Sound scarily informed
Your father-in-law at Christmas lunch – or the boss at your office party – starts asking you about the negotiations. You want to sound at least a little bit informed. Here are a few tips from BBC Brussels correspondent Adam Fleming to stop them in their tracks.
- Mention “tariff rate quotas”. This is weapons-grade jargon and no-one will want you to explain it. (They allow a certain amount of products such as lamb from New Zealand’s to be imported duty free)
- Suggest a bilat: When two leaders meet in a small room for an awkward handshake, most normal people would describe what happens next as a “chat”. Not in Brexit world, where it is called a “bilateral” or – if pushed for time – a “bilat”. As in “May and Tusk had a really positive bilat this morning”.

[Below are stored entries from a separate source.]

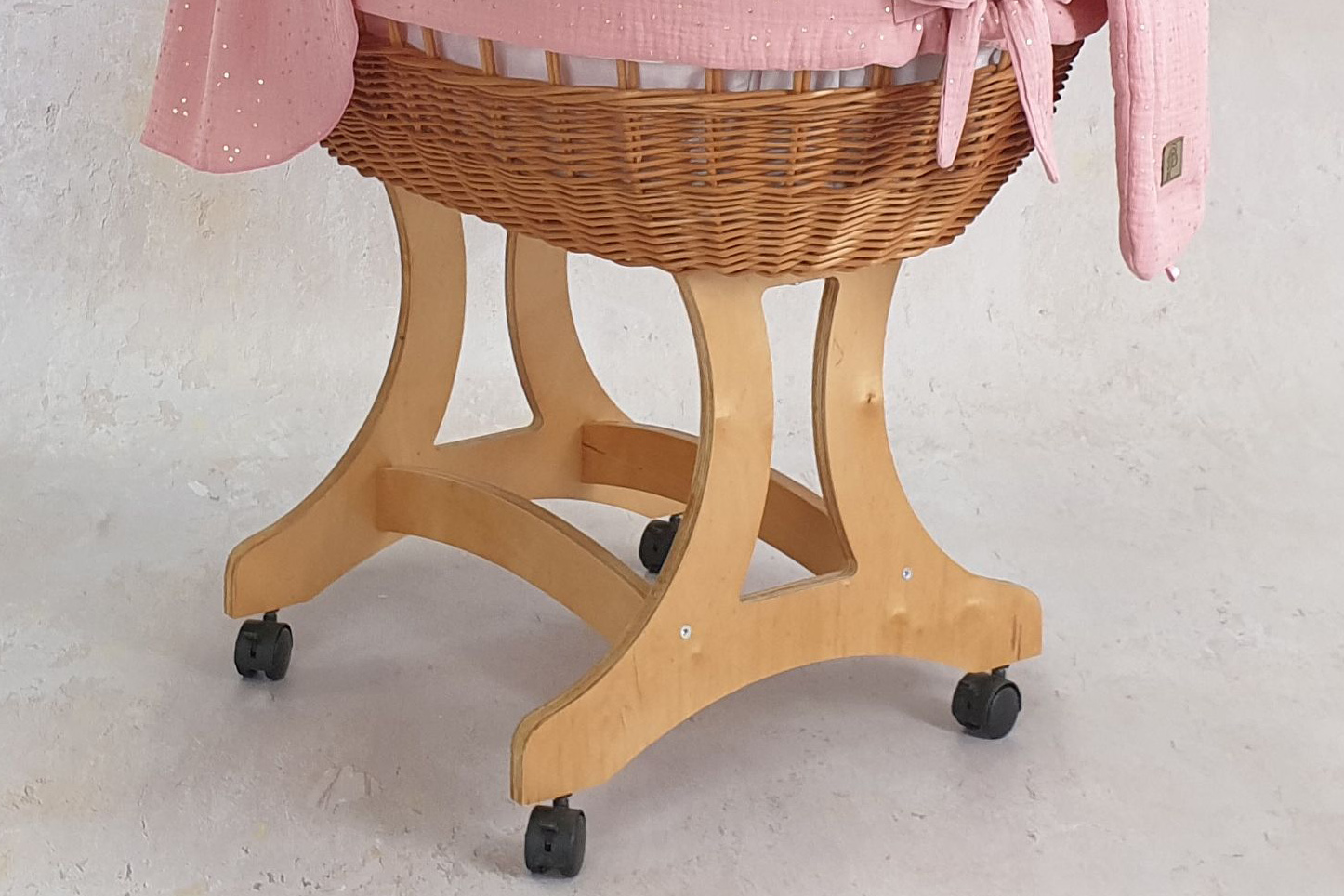 Das Gestell besteht aus langlebigem Sperrholz, während der handgefertigte Korb aus polnischer Weide gefertigt ist. Diese Kombination macht den Stubenwagen nicht nur robust, sondern auch zu einem ästhetischen Highlight. Die vier drehbaren Rollen mit Bremsen bieten maximale Sicherheit und ermöglichen eine mühelose Bewegung des Wagens. Egal, ob im Wohnzimmer, Schlafzimmer oder auf der Terrasse – der Stubenwagen lässt sich problemlos und geräuschlos bewegen und passt sich nahtlos jeder Umgebung an.
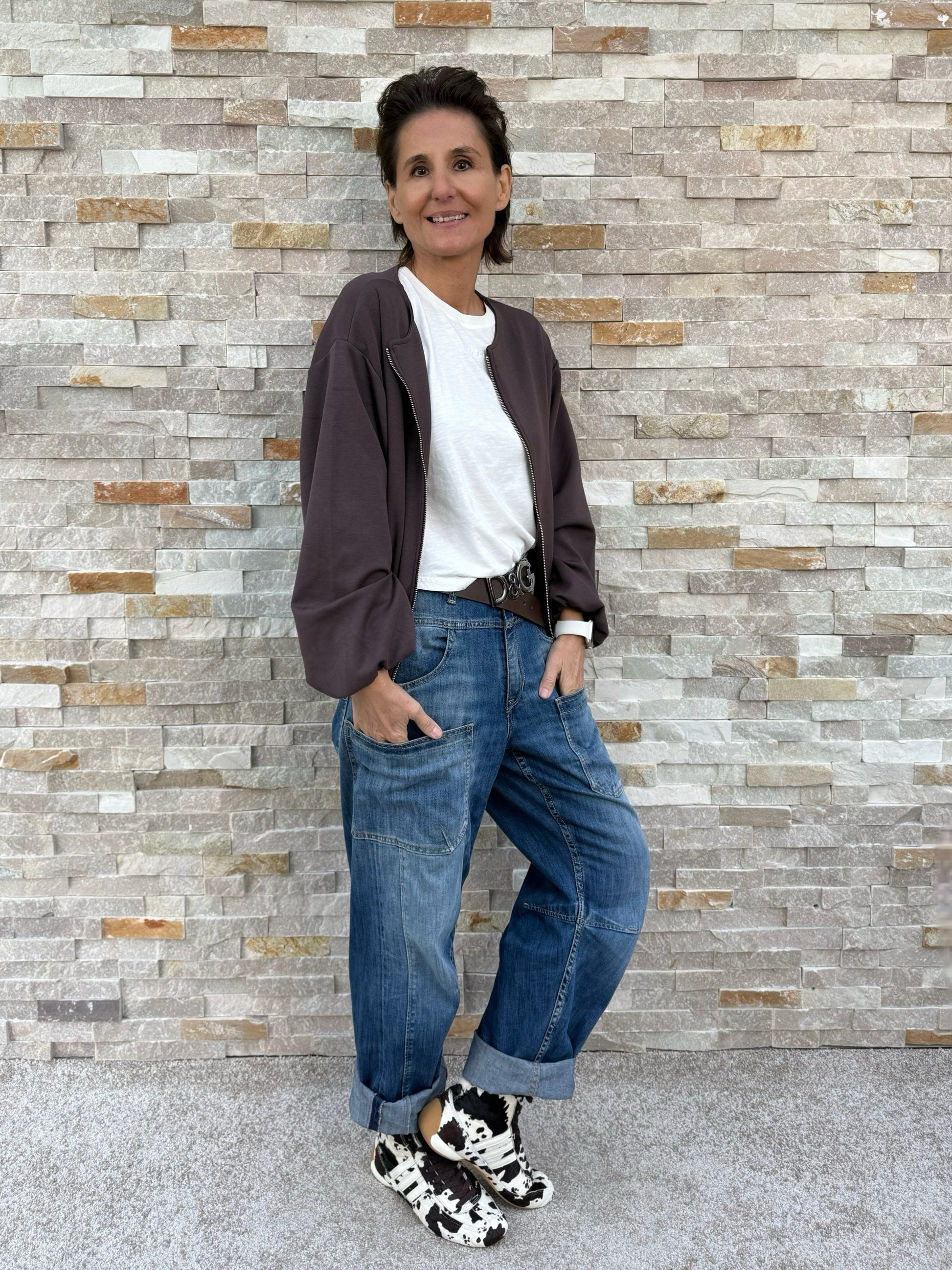 Silke is wearing size 29, but would like it larger.
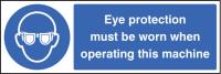 15005G: Eye protection must be worn when operating machine Material: 1: Rigid Plastic Size: G (300x100mm)

- “Oh, that was in the guidelines”: The EU has stuck religiously to the guidelines approved by leaders in April. They should provide a safe response if you’re caught off guard (unless the other person has memorised them, in which case you’re in trouble).
The post-dinner Brexit conversation has been dragging on for hours, and you’re desperate to get to the pub.
How to box it off without putting anyone’s nose out of joint?
Declare that “Brexit means Brexit”. Theresa May’s slogan is hard to argue with, and will leave everyone scratching their heads as you head out of the door.
Say “nothing is agreed until everything is agreed” with a knowing wink. It’s become the negotiations’ catchphrase, used by both sides to keep everything on the table. Ministers sometimes use it to fend off tricky questions. Deploy it here and keep everyone happy as you make your excuses.
Avoid Brexit altogether
Perhaps the safest option – just don’t go there. It’s an approach suggested by The Spectator’s Lara Prendergast, who has bemoaned people’s insistence on debating Brexit at social events.
“My approach is to avoid telling people how I voted in the referendum,” she says.
“I have taken to saying ‘would you mind if we talked about something else?’ There’s no topic more divisive and more boring.
“People used to say you don’t talk about sex, politics or religion – I think maybe Brexit should be the fourth one on that list.”